RECORDS TO USE ::
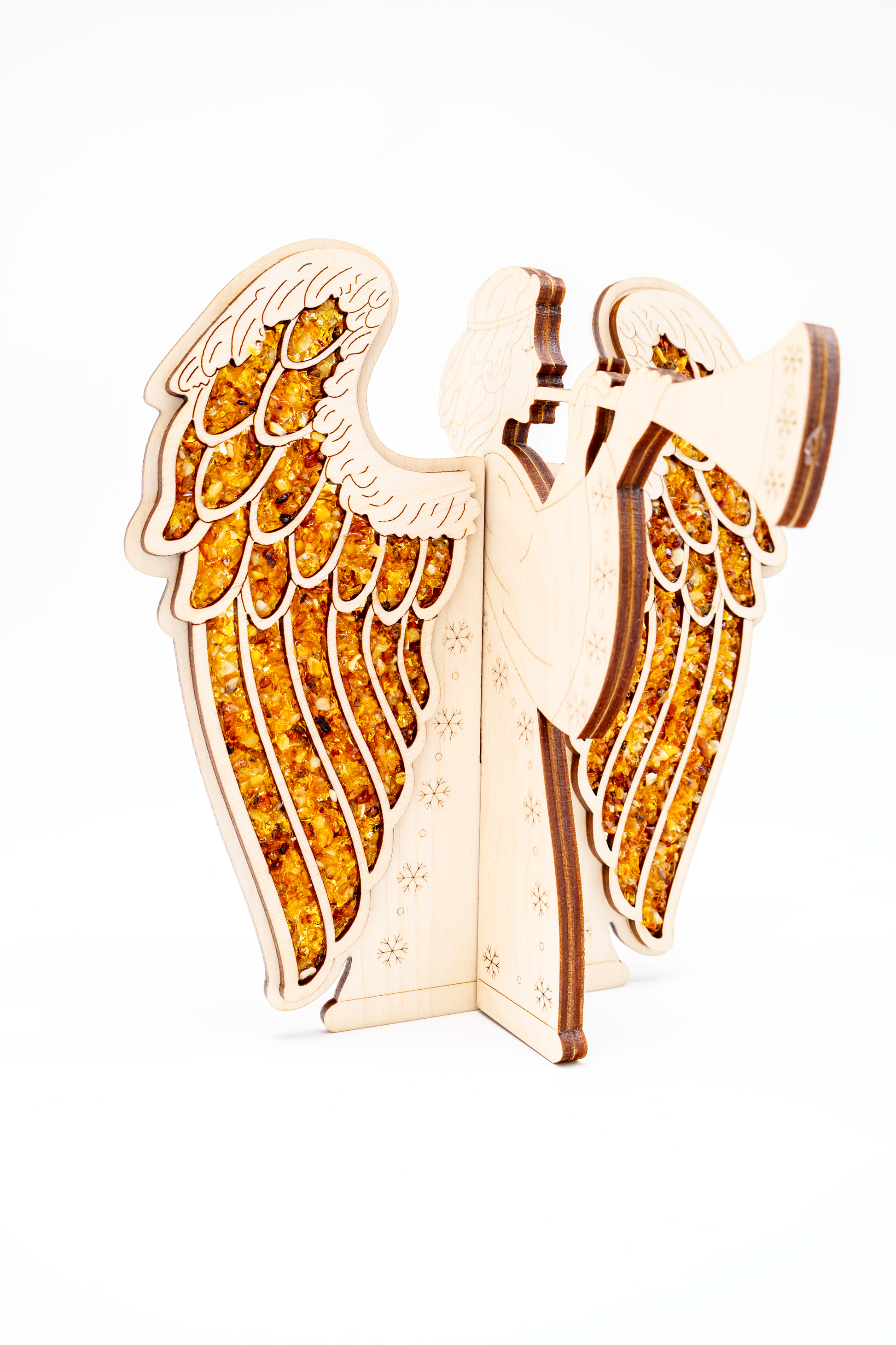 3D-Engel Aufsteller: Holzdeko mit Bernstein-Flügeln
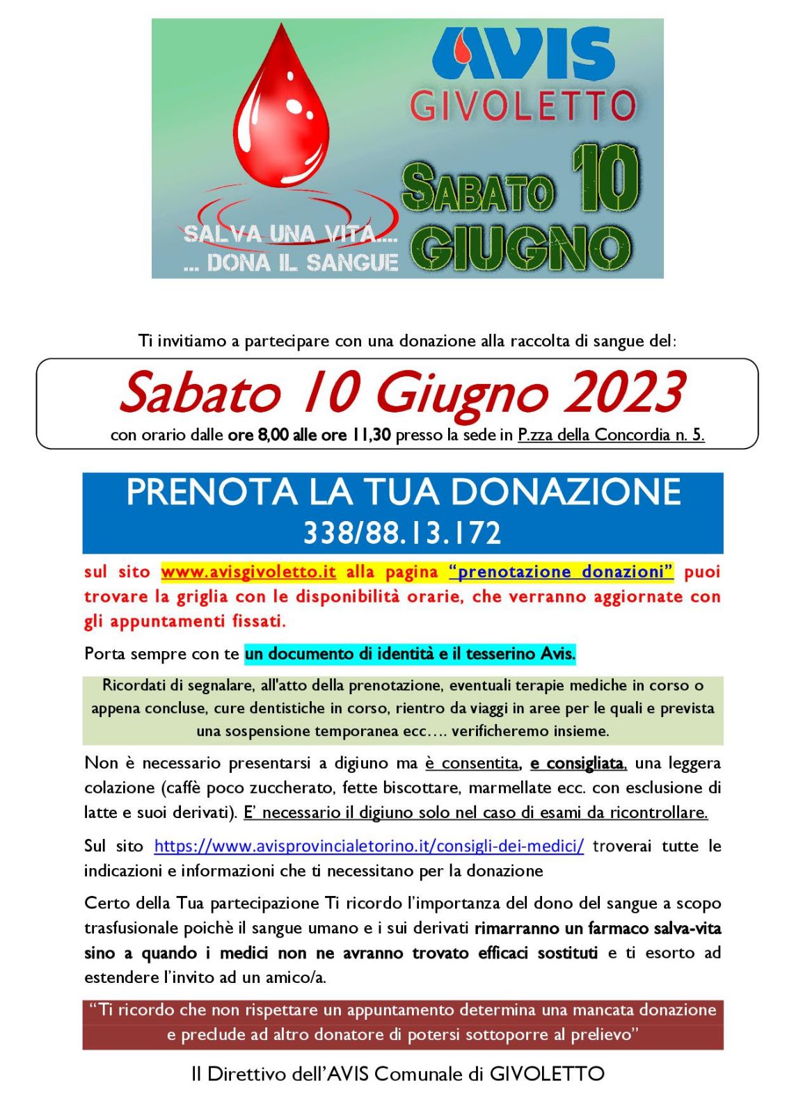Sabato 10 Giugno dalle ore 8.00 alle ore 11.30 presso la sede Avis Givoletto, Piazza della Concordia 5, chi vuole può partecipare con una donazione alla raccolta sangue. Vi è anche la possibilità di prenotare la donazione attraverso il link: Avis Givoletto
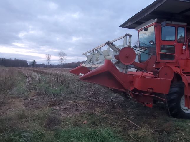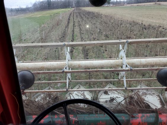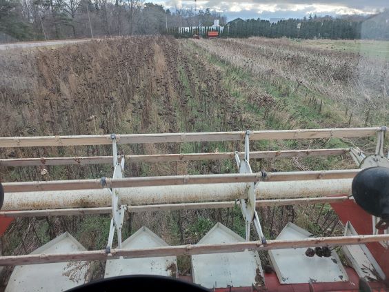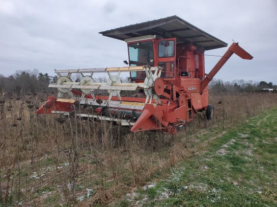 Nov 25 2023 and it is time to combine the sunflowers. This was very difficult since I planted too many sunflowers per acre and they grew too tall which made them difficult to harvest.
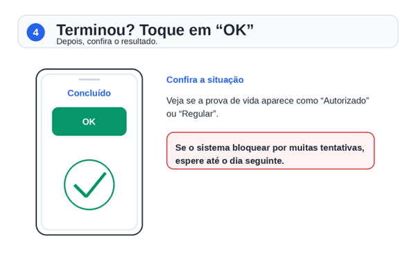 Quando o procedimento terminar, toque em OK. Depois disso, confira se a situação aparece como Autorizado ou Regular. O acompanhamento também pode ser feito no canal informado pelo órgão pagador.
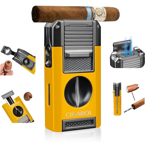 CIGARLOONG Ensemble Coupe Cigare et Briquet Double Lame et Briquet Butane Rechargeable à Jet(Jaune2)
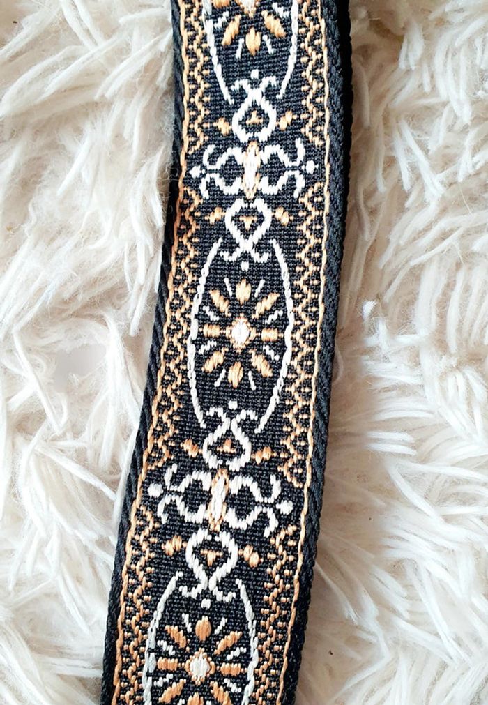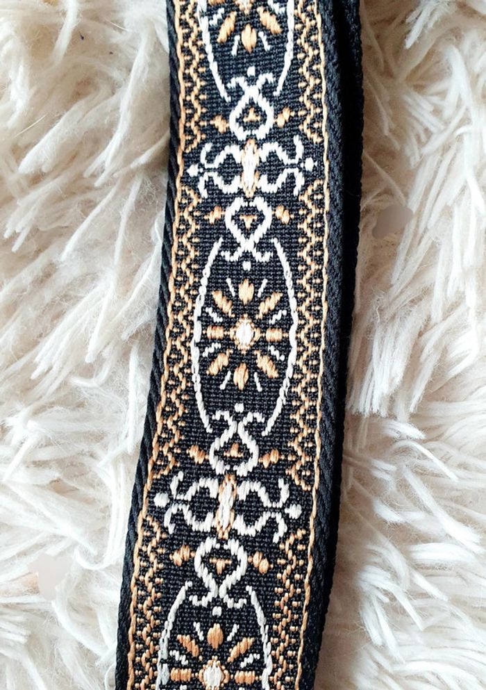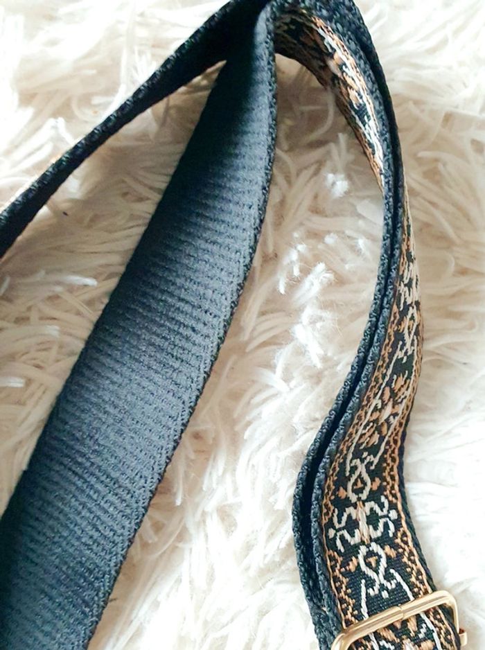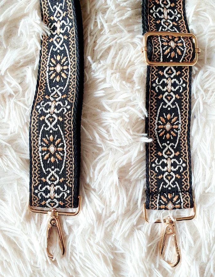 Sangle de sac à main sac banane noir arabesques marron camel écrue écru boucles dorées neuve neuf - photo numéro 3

* * *

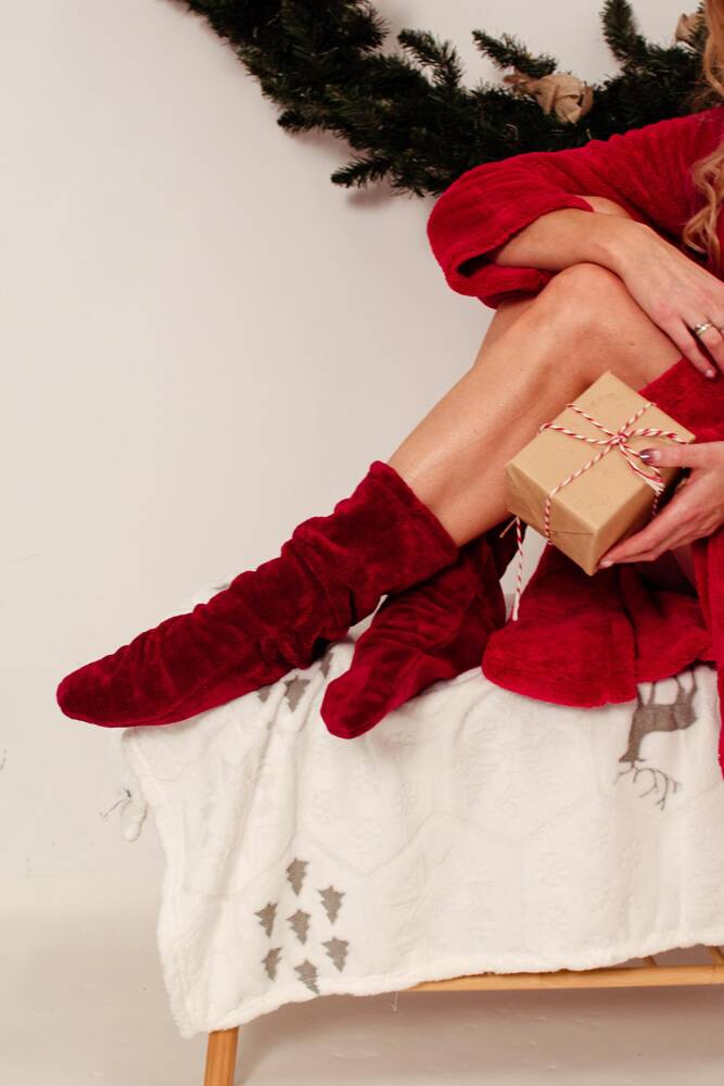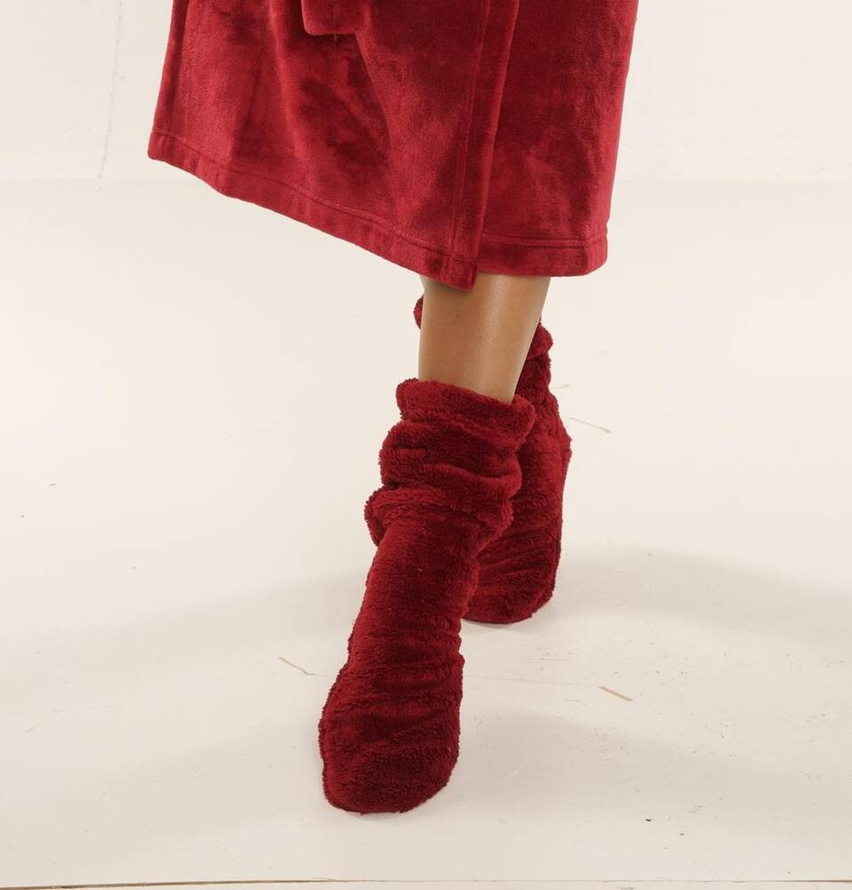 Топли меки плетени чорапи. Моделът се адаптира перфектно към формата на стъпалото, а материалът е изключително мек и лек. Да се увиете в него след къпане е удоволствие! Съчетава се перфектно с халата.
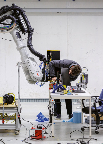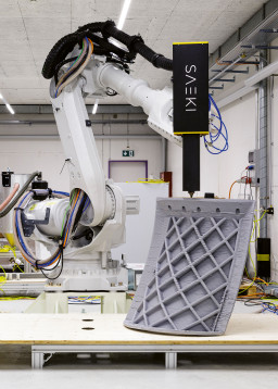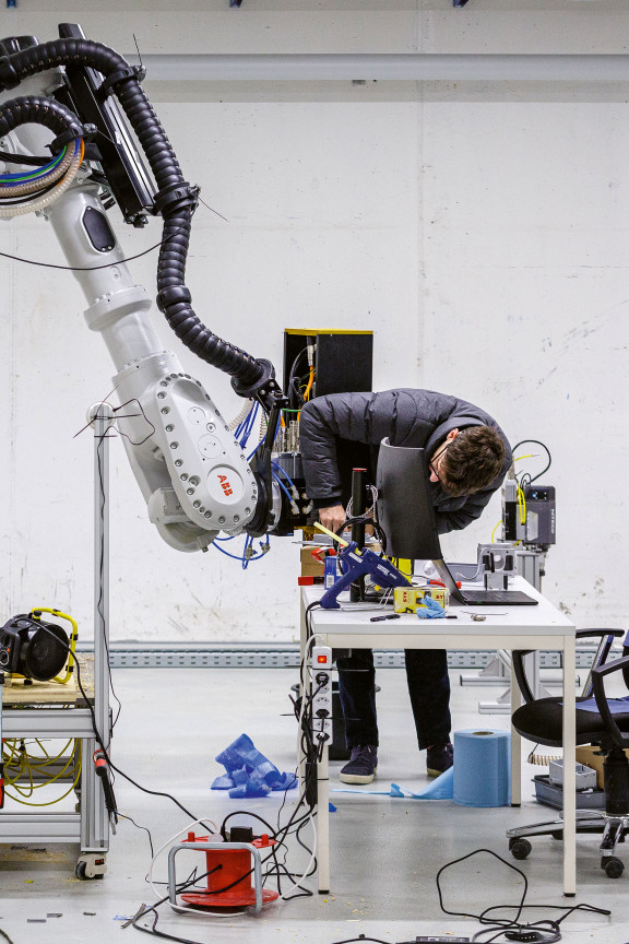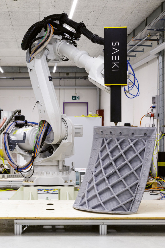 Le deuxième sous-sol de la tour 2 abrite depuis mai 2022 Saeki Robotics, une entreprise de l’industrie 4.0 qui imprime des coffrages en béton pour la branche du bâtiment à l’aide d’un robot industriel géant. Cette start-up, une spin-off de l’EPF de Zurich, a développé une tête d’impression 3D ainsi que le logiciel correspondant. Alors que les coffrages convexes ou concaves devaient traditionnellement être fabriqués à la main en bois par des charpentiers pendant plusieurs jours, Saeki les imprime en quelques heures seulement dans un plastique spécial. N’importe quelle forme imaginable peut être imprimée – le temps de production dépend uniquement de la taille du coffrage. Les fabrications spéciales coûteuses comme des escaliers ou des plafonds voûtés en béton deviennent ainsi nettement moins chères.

EXERCISE ::
Print the part of the listing above that opens with the line containing "Nov 25 2023" and closes with the line containing "Sangle de sac". Copy it exactly, both ends included, and omit the pictures.

ANSWER AREA ::
 Nov 25 2023 and it is time to combine the sunflowers. This was very difficult since I planted too many sunflowers per acre and they grew too tall which made them difficult to harvest.
 Quando o procedimento terminar, toque em OK. Depois disso, confira se a situação aparece como Autorizado ou Regular. O acompanhamento também pode ser feito no canal informado pelo órgão pagador.
 CIGARLOONG Ensemble Coupe Cigare et Briquet Double Lame et Briquet Butane Rechargeable à Jet(Jaune2)
 Sangle de sac à main sac banane noir arabesques marron camel écrue écru boucles dorées neuve neuf - photo numéro 3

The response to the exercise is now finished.